Successful strategies for dealing with animal rights activists

Meetingsnet.com recently published
an excellent article on the American Association for Animal Laboratory Science‘s (AAALS) strategies for dealing with animal rights activists
who showed up at its national meeting last November.

After being tipped off by
Americans for Medical Progress that the AAALS meeting was being targeted
for protest by animal rights activists, AAALS executive director Michael
Sondag put together a three-prong approach that succeeded in minimizing
confrontation with the activists.

First, he involved local,
state and federal law enforcement agencies in the planning and security
arrangements of the conference. When 140 or so animal rights activists
showed up to protest, AALAS was prepared with over 200 police officers
to keep things under control.

Second, Sondag and the AALAS
gave conference participants a tip sheet with advice to travel in groups
and completely ignore the animal rights activists. Specifically, Sondag
advised participants that this conference wasn’t the time or place
to debate with the animal rights activists.

“The bottom line is,
you’re never going to win that battle,” Sondag said. “All
it’s going to do is turn into a confrontation with pushing and shoving
and someone will get hurt, or sued, or end up in jail.”

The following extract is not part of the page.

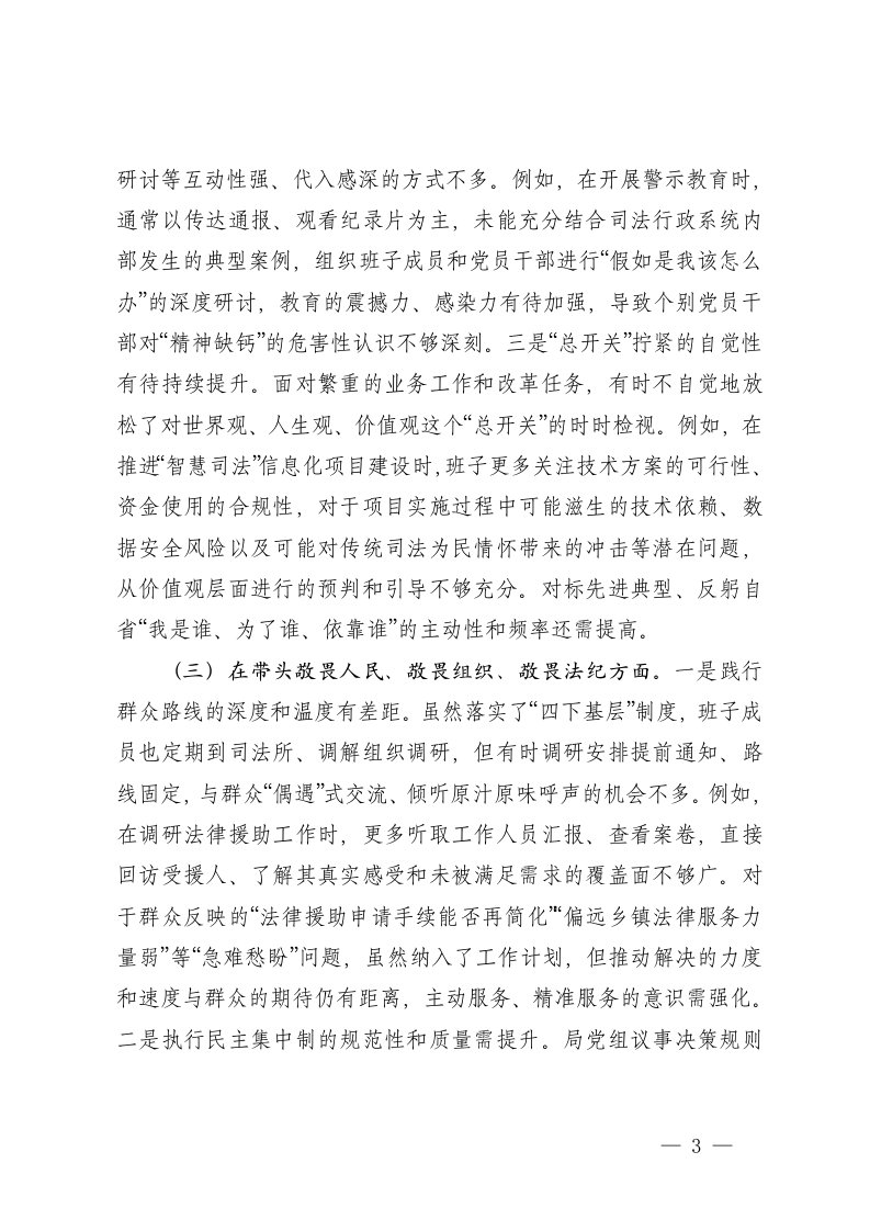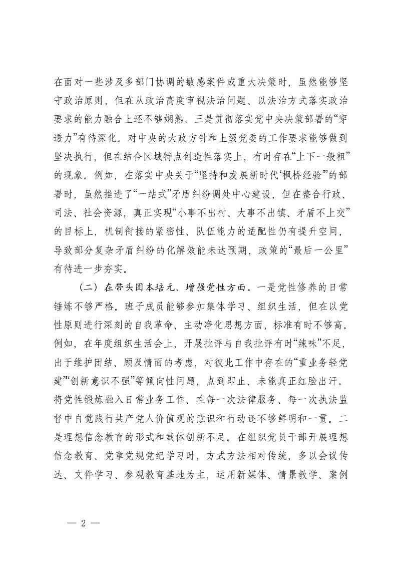 标题:司法局领导班子2025年度民主生活会对照检查材料五个带头
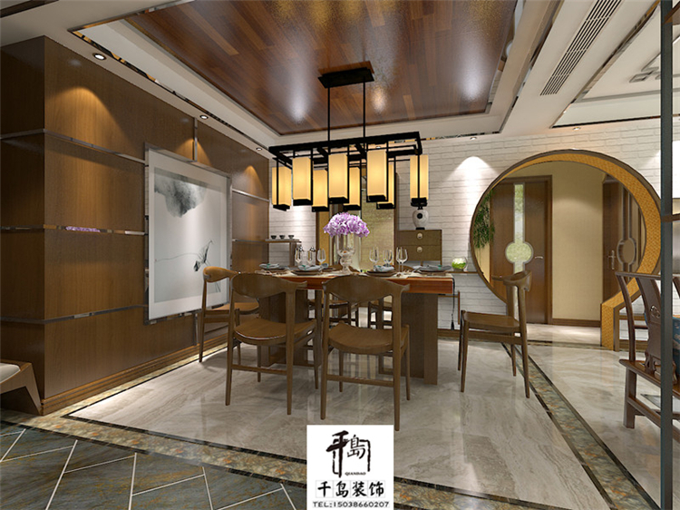 建業(yè)龍城200平米四室新中式裝修效果圖案例——餐廳裝修效果圖

Sondag made a couple interesting
observation about the protests at the conference. First, most of those
who showed up to protest the conference weren’t all that interested
in convincing through persuasion. “Ninety percent of what [the protesters
said] had nothing to do with animal rights. They said filthy stuff, made
remarks about people’s anatomy.”

Second, many of the protesters
apparently weren’t animal rights activists but paid protesters. Sondag
said he found classified ads in the local newspaper offering to pay people
$5/day to protest the AALAS.

In a very sad commentary,
however, part of Sondag’s advice included not discussing the science
of animal experiments with the media. “Forget science,” he told
representatives who talked to the media on behalf of the AALAS. “Most
Americans have the equivalent of an eight-grade science education. Speak
plainly.”

This is a strategy destined
to backfire. One of the reasons animal rights activists get some support
from otherwise sensible people is precisely because what goes on in a
scientific laboratory is largely a mystery to most Americans. By refusing
to talk about the science, people will only see labs as even more removed
and remote from their lives and become more likely to take the claims
of animal rights activists at face value.